In those days it seemed to Ora that every word she uttered, every look she gave, and even every silence were perceived by Ofer, Ilan, and Adam as a provocation, the premise for a fight. On these bus journeys, she felt a slight reprieve from them, and from herself too, from her strange insistence on bickering with them over and over again, and from her petty, circuitous questions, which were honestly starting to drive her mad. They burst out of her like acidic hiccups every time she so much as thought about what had happened there, when she merely heard the beeps signaling the hourly radio news, or even when she just thought about Ofer. “It’s like I couldn’t think of him without going through the incident first.”
“But what happened?” Avram asks.
She listens inside herself, as though the answer will come, finally, from there. Avram holds his backpack straps with both hands — grips them.

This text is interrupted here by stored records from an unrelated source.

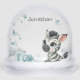 Cute baby shower or birthday snow globe gift or favor, featuring adorable little male zebra sitting on clouds with some blue love hearts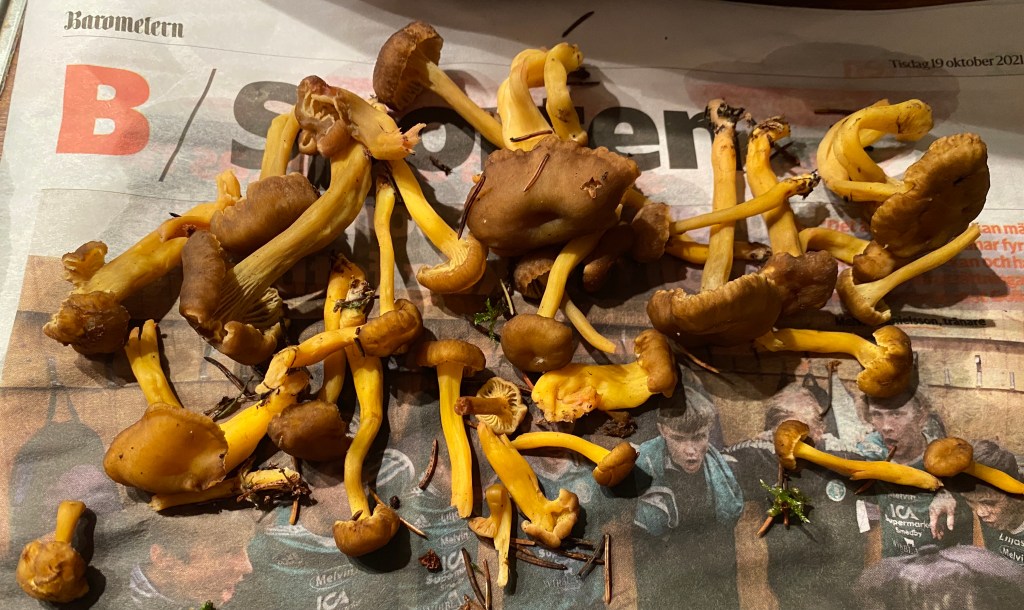 Inte rört mig på tre dygn, typ, hoppade av uppe vid vägen och gick genom skogen hem, började skymma, lite läskigt… men var tvungen kolla mitt Trattis-ställe. Såg inte så bra, hade dessutom solbrillor på. Fick ändå med några hem: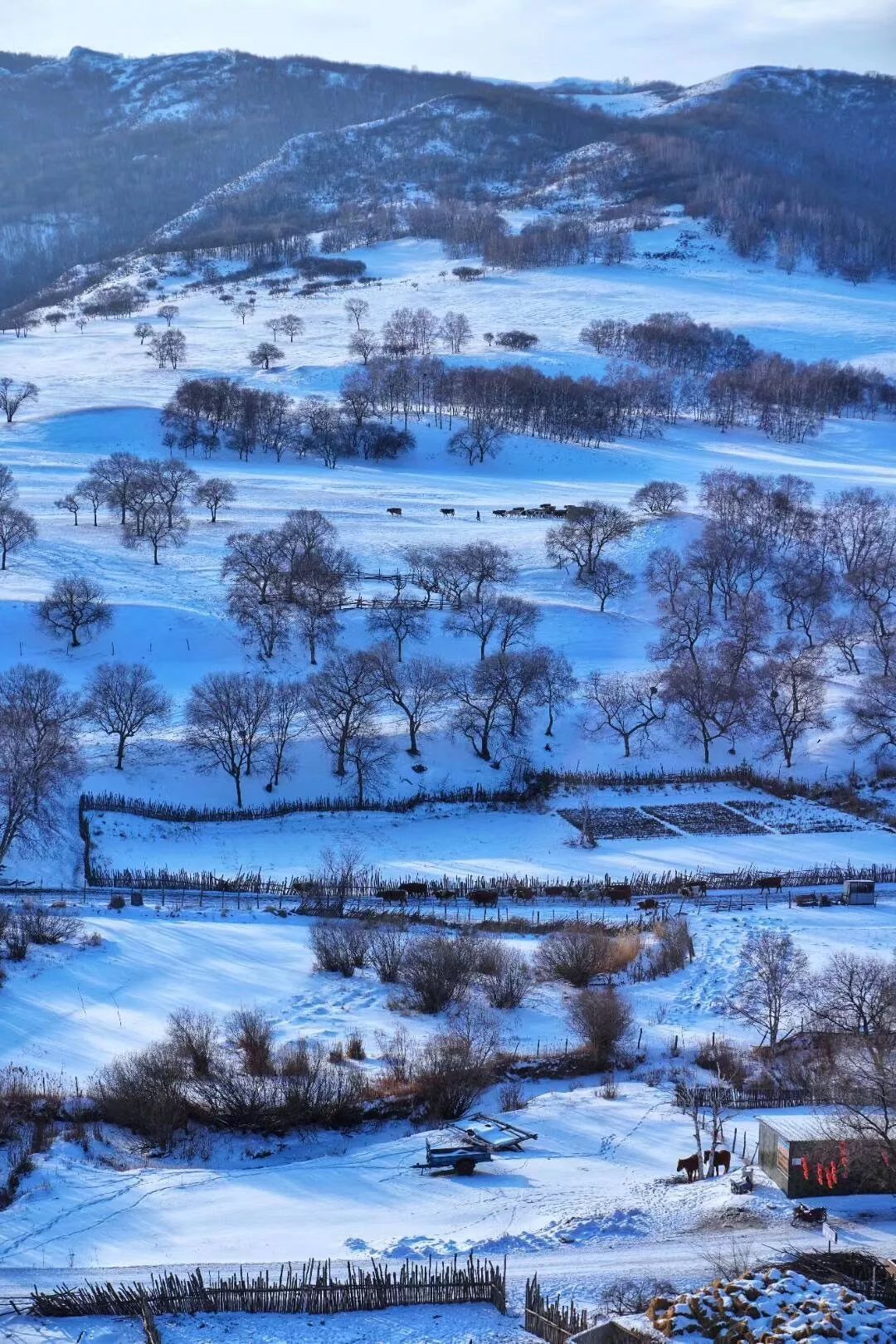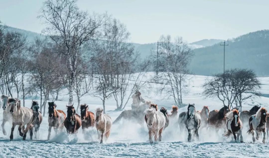 冬季,雪原莽莽,气象万千,诗意无尽!层林尽染的松树,潺潺流淌的小溪,袅袅升起的炊烟,恬淡宁静,雪极之姿从这里开始;雪地上奔跑骏马,让你在这个冰雪世界远离城市的喧闹,体会草原冬天的温度。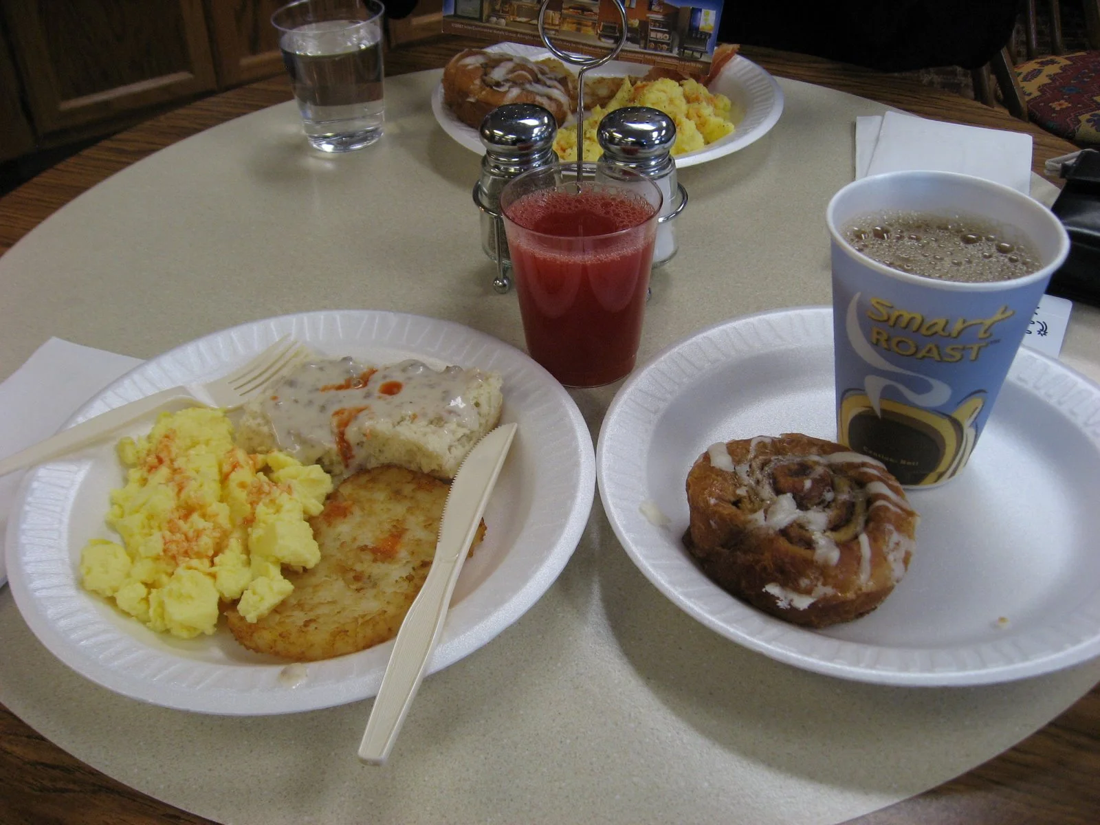 I didn't really have much affinity towards this brand since I generally focus my hotel point-collecting elsewhere. But this was the best choice in Carlsbad, NM, and closest to Mesa Verde in Colorado. Boy what a pleasant surprise! Hot eggs, potatoes, biscuit, gravy, cold hard-boiled eggs if you want to be healthier and just eat the whites... But what really put HI Express over the top is the warm cinnamon bun. Not doughy and gummy and bloat-inducing like Cinnabon, these are indulgent but soft with a lot of air pockets leading to great mouthfeel.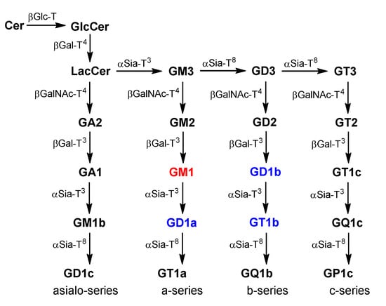 Biosynthesis of ganglio-series GSLs. The numbers in superscript indicate the glycosylation sites of GTs. GM1, GD1a, GD1b, and GT1b are the major gangliosides in the human brain.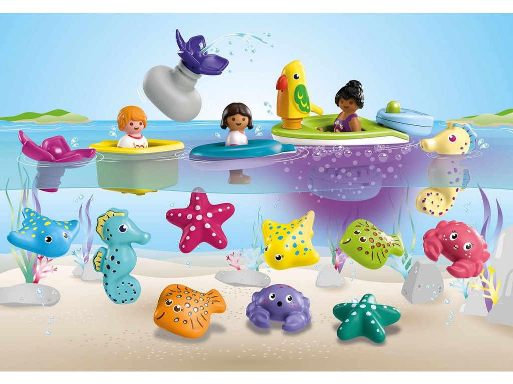 Obsahuje: 1 žena, 1 dívka, 1 chlapec, 2 mořští koníci, 2 krabi, 2 rejnoci, 2 hvězdice, 2 platýsi, 3 koupelové tablety Tinti, 1 loďka s komorou na koupelovou tabletu, 1 plavecký kruh, 1 naběračka, 2 květy stříkačky, 1 papoušek stříkačka, 1 měch stříkačky, 1 zásuvný prvek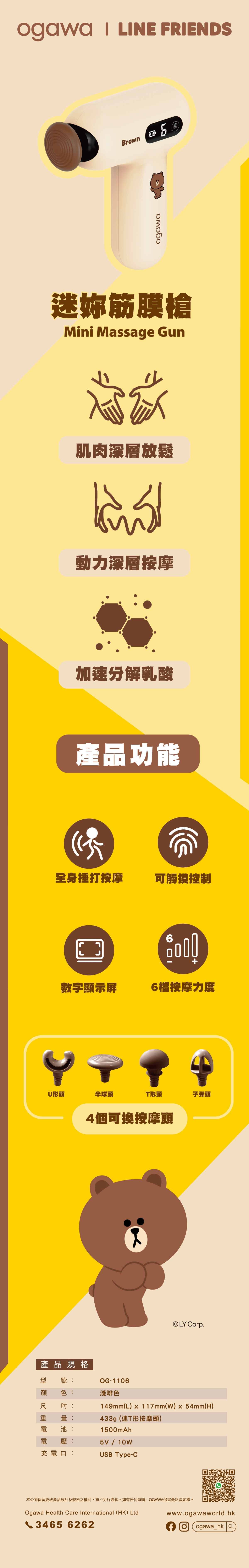 OGAWA - Line Friends 迷你筋膜槍 - 棕色熊大

One day Ora left the clinic, apologized distractedly to a couple in the waiting room, and hopped on the 18 bus for a quick ride. When they were near the Mekasher bus depot, she heard a very loud explosion. Then there was a moment of bottomless silence. The passengers’ faces slowly foundered and turned to pulp. A powerful stench of excrement spread through the air, and Ora was flushed with cold sweat. People started to shout, curse, and cry, and begged the driver to let them out. The driver stopped in the middle of the street and opened the doors, and the passengers streamed out, fighting one another, kicking and punching to get out first. The driver looked in the mirror and asked, “Are you all staying?” Ora turned back to see who else he was talking to, and there was her elderly couple, huddled against each other, the woman’s tiny, almost bald head buried in the man’s body as he leaned over her and caressed her shoulder. Their expressions were difficult to describe: a mixture of shock and fear and also terrible disappointment. The radio immediately switched to emergency broadcast format—“First of all, allow me to express my condolences, to wish a speedy recovery to the injured, and to grieve with the families,” said ministers and security experts one after the other. The explosion had occurred on a bus going the opposite way, near Davidka Square, which Ora’s bus had driven past only moments before. The ambulances were already roaring to Shaare Zedek and Hadassah hospitals.
The next morning, soldiers and policemen manned all the bus stops, and the few passengers were even more nervous, irritable, and suspicious than usual. There were outbursts of anger at anyone who pushed in line, trod on a toe, or bumped into someone. People talked loudly on their cell phones. Ora felt they were using the phones as breathing tubes to the outside world. When the bus passed the site of the attack, there was a silence. Through the window she saw a bearded Orthodox man, a volunteer from the victim-identification unit, standing in a treetop and using a cloth and tweezers to peel something gently off a branch and place it in a plastic bag. A group of kindergarten children got on the bus in Beit HaKerem, and a few of them were holding colorful balloons. They laughed and chattered and ran around, and everyone stared at the balloons. When one inevitably popped, although everyone could see it was just a balloon, a bitter screech of panic pierced the bus, and a few of the children burst into tears. The passengers, ashamed and exhausted, avoided one another’s eyes.